Close to half of Secom’s ¥90.3 billion is in equities, mostly Japanese shares, Yagi said. That’s about twice the level of peers, according to a survey of about 100 public and corporate pension funds by Rating & Investment Information Inc. Virtually all of Secom’s domestic stock holdings are actively managed.

To make it safe to buy more shares, Yagi needed to insulate his fund from crises.

After experimenting with standard investing styles, including growth and value, he turned to ESG investing. Yagi instructed his external money managers to pick well-governed companies, betting they’d bounce back faster from downturns.

He said academics are still debating whether ESG investing reduces risk, but Secom’s two main ESG funds outperformed the benchmark stock gauge with lower volatility over the past five years. (It’s difficult to compare Secom’s returns with other corporate pension funds because the funds don’t disclose this information.)

Yagi, who stepped down from the lead role at the fund last September and now has an advisory position, started ESG investing the week after the March 2011 Tohoku earthquake.
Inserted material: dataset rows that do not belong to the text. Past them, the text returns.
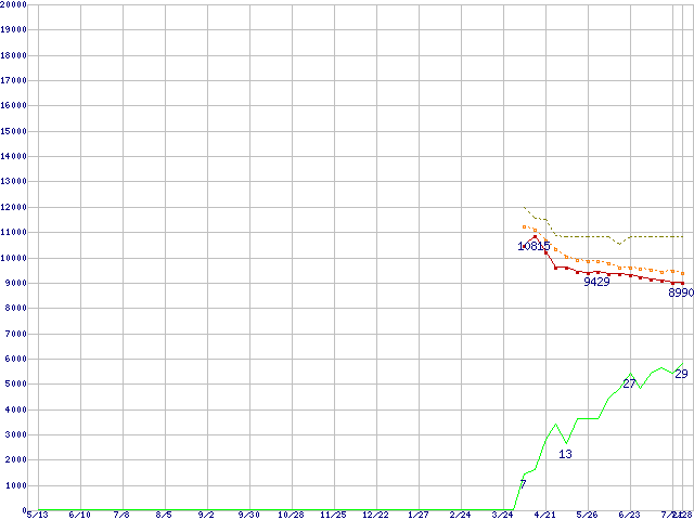 | HDT722516DLA380 (160GB,8MB)の価格推移 | | | (2004年5月13日~2005年7月28日) |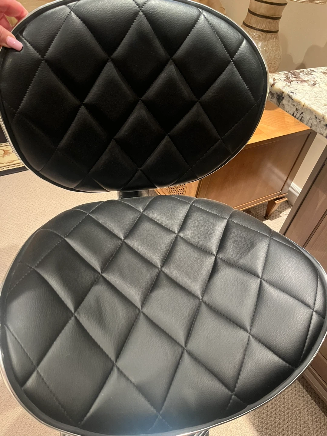 Selling a sleek, black bar stool with an adjustable height feature. It has a quilted pattern on the seat and backrest. The base and stand are chrome. It would be perfect for a kitchen island or bar area!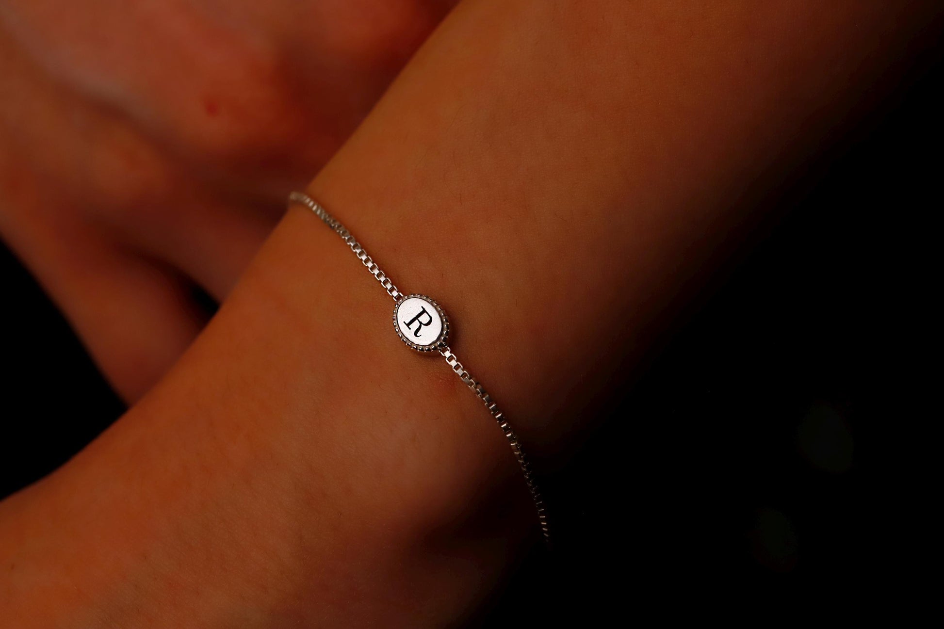 Discover the elegance of our Sterling Silver Tag Bracelet, a perfect blend of style and personalization. This dainty piece is crafted from high-quality 925 sterling silver, making it not just a beautiful accessory, but a cherished keepsake. Whether you want to celebrate your zodiac sign, initial, or special letters, this bracelet adds a personal touch that tells your unique story.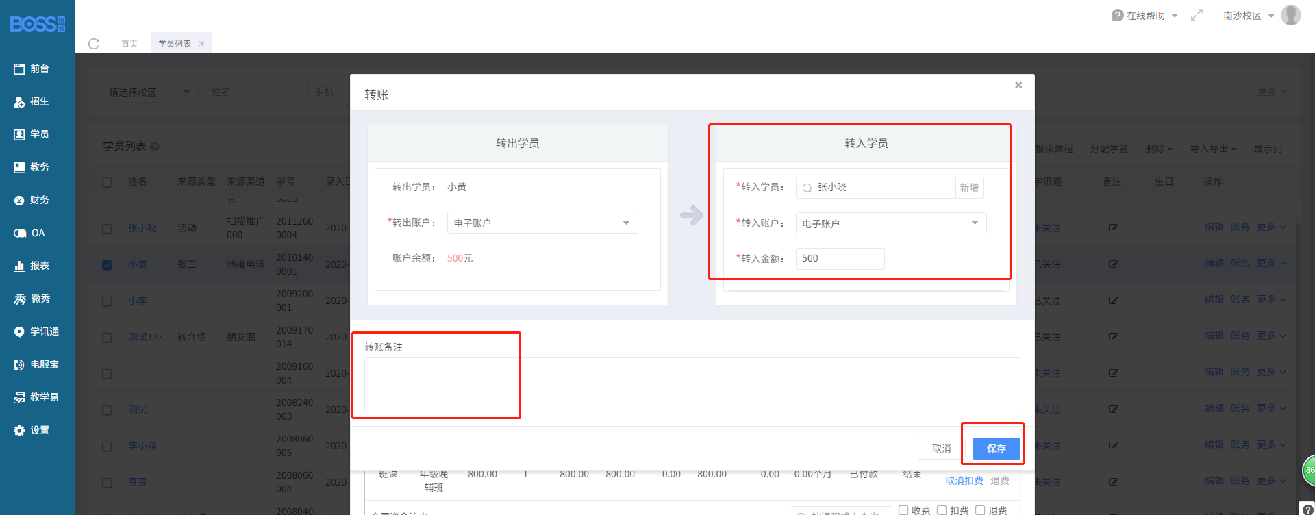 2、选择转入学员、输入转入金额,写明转账备注点击【保存】按钮进行保存

It now accounts for more than 95 percent of Secom’s Japanese equity holdings.

The main ESG funds hold fewer than 30 stocks, which Yagi declined to identify, but he said they prefer firms that pay good dividends.
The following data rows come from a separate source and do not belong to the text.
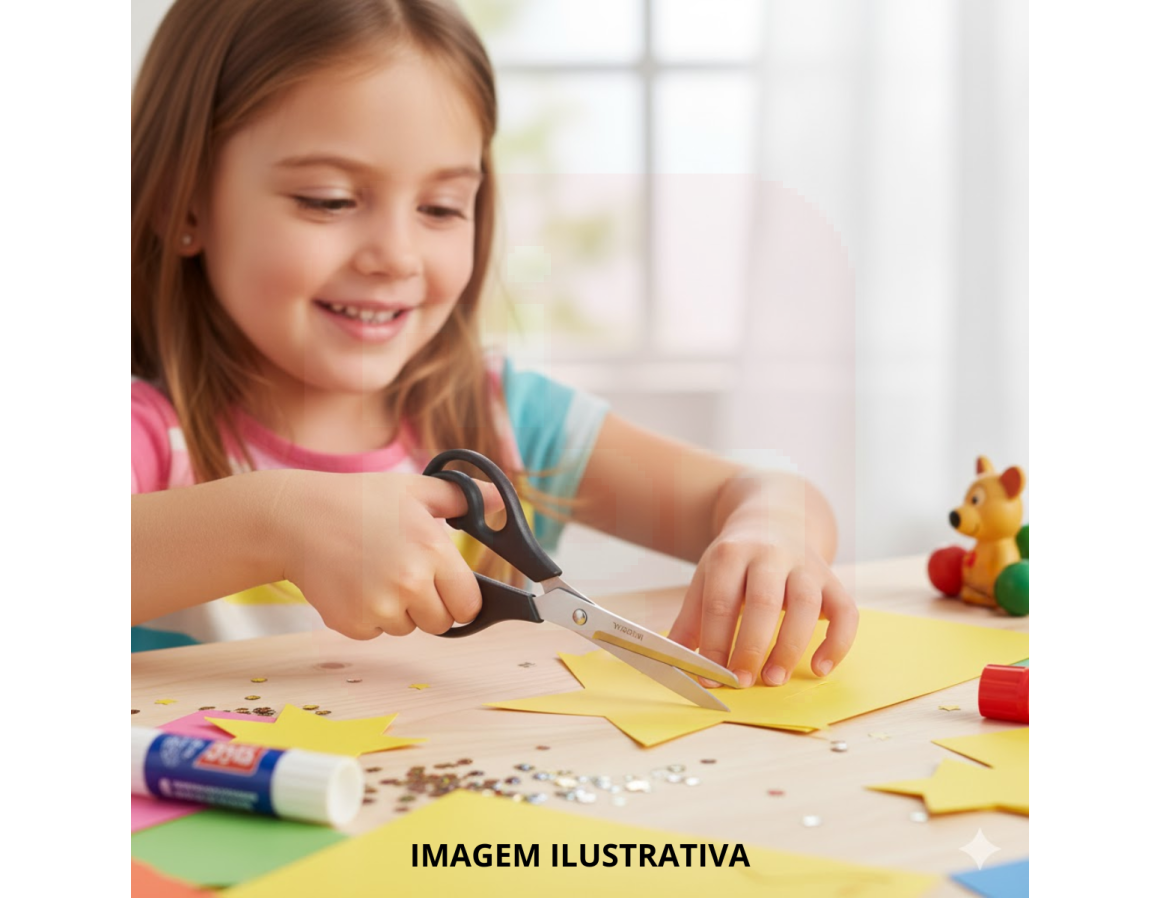Com lâminas de aço inox e ponta arredondada, é perfeita para crianças, estudantes e trabalhos manuais que exigem cuidado no manuseio.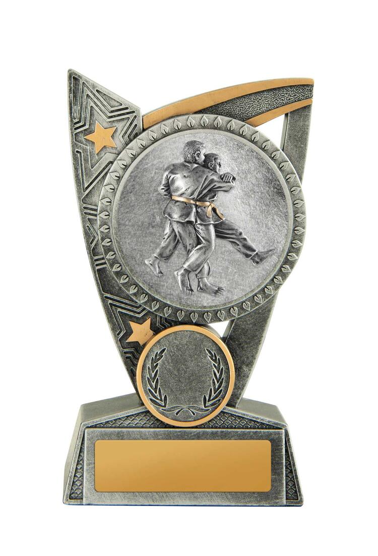 Celebrate martial arts achievement with this contemporary karate trophy, crafted in resin. The curved silver and gold design features a circular logo and a detailed depiction of two practitioners in a grappling move, reflecting technical skill and commitment.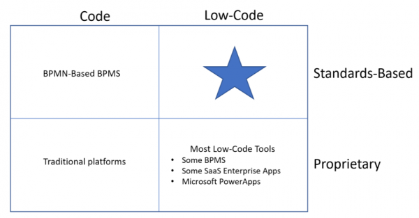 Trisotech's brilliant idea was to borrow boxed expressions and FEEL from DMN and use them in BPMN. Unlike other platforms, Trisotech offers a standards-based Low-Code approach to Business Automation, in particular applications of the third type, Straight-Through Processes. This suggests the view of the Business Automation landscape pictured below, with Trisotech in the sweet spot, Low-Code and Standards-Based.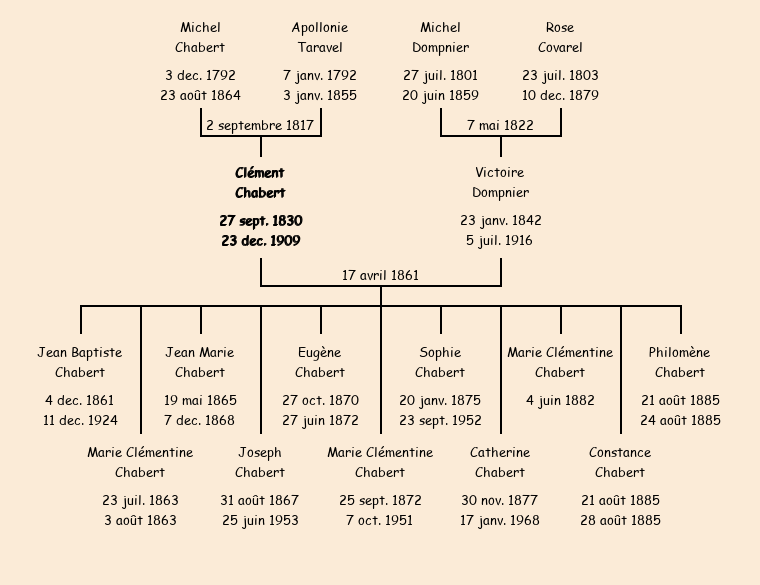 Marié (30 ans) avec Victoire Dompnier (19 ans) le 17 avril 1861 à Fontcouverte ![]() |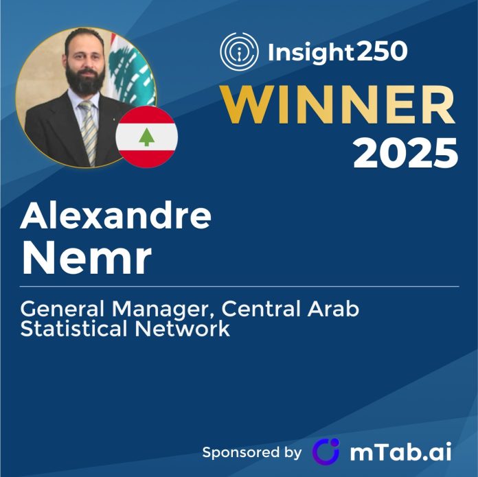 في منافسة غير مسبوقة، ومن بين آلاف الترشيحات، تم اختيار السيد الكسندر نمر مدير وصاحب الشركة العربية المركزية للاحصاءات, C.A.S.N ضمن الفائزين بجائزة Insight250 لعام 2025.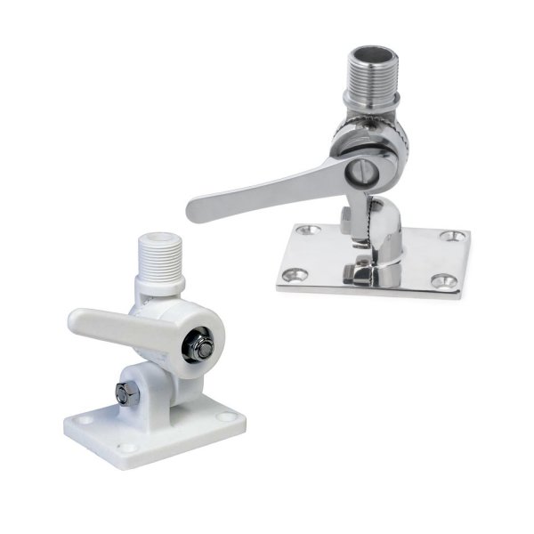 Ρυθμιζόμενη βάση κεραίας 1¼″ σε πλαστική ή inox έκδοση, με μοχλό ratchet για εύκολη αναδίπλωση. Ιδανική για κεραίες VHF, AIS, AM/FM και GPS.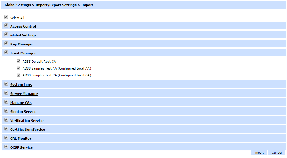 Remember to re-compute HMAC after importing the ADSS Server configurations. See the ADSS Server Installation Guide's section "Upgrading an existing ADSS Server instance" to learn how to re-compute HMAC. |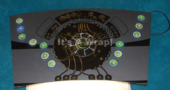 A piece of set dressing featured in the third season Star Trek: Enterprise finale “Zero Hour”. This item was part of the command center console inside the Xindi Superweapon, it consists of a piece of smoked acrylic shaped especially to fit in this console, dark-gray application across the top surface … |
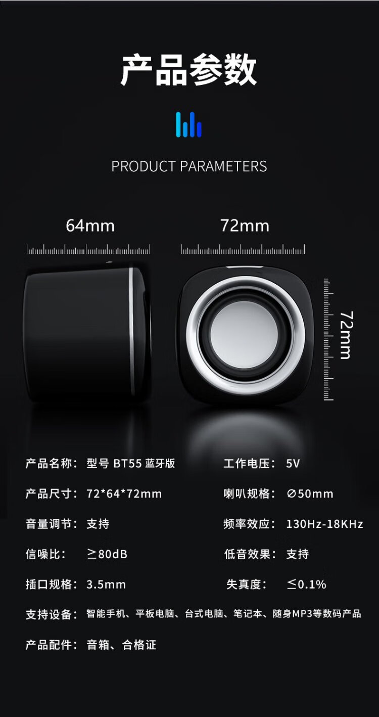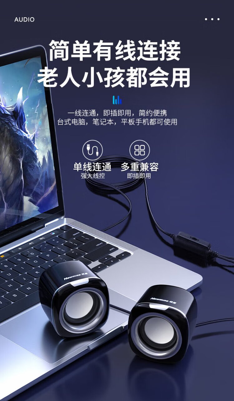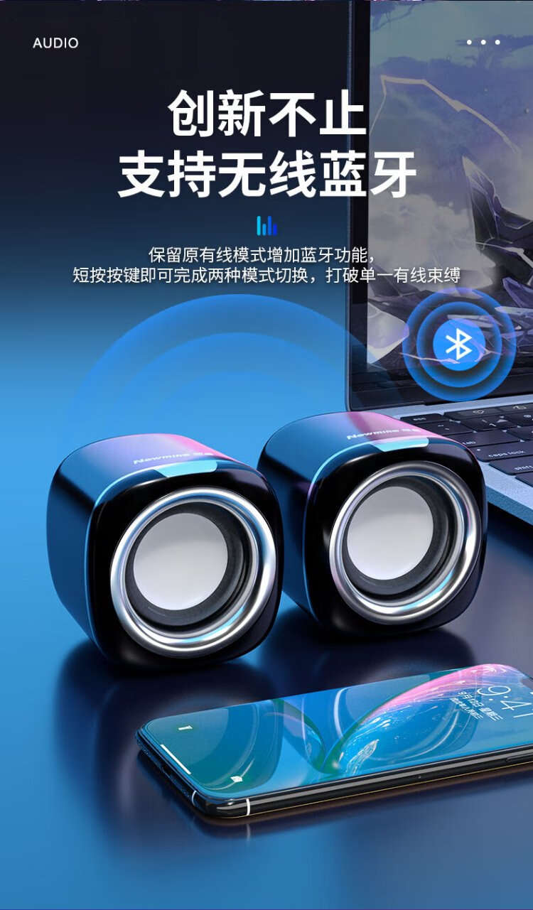 Newmine BT55 audio computer speaker mini Bluetooth small audio multimedia laptop desktop home player desktop small subwoofer black

Some commentators are skeptical.

“Most pension fund directors in Japan think the Secom way is quite unusual,” said Sadayuki Horie, a senior researcher at Nomura Research Institute and former high-ranking official at Japan’s ¥145 trillion Government Pension Investment Fund. “Yagi-san’s fund is a rarity.”

More than three years since the introduction of the stewardship code, Horie said most corporate pension funds don’t see Yagi as an example to follow. One big fund needs to sign up for others to do the same, he said.

Aeon Co., Japan’s biggest publicly traded employer, is still gathering information on the code, a spokeswoman said. Panasonic Corp., which has more than 250,000 staff, is considering its response, said spokeswoman Kyoko Ishii. Omron Corp., which has won awards for corporate governance, said it’s considering signing up.

Horie of Nomura Research Institute agreed that Japan Inc.’s pension funds are reluctant to be active stewards but said that’s a feature of corporate pensions the world over. Japanese funds’ aversion to stocks makes sense, he said, because 98 percent of them are overfunded.

Others are not so charitable.

“The only way you can explain this behavior pattern is to say that, let’s face it, senior executives don’t want active proxy voting and engagement in the market,” said Nicholas Benes, the Tokyo-based head of the Board Director Training Institute of Japan. He said they fear “blowback” at their own shareholders meetings. Judging by their actions, “they care more about that than they do about their employees’ funds,” he said.

Asked whether it’s difficult to stand out in conformist Japan, Yagi said “doing the same as everyone else is riskier.” Plus, he’s too busy trying to convince others to change their ways to even notice, he said.

There are signs Secom won’t be the lone signatory much longer. A government-led report earlier this year urged corporate pension funds to accept the code.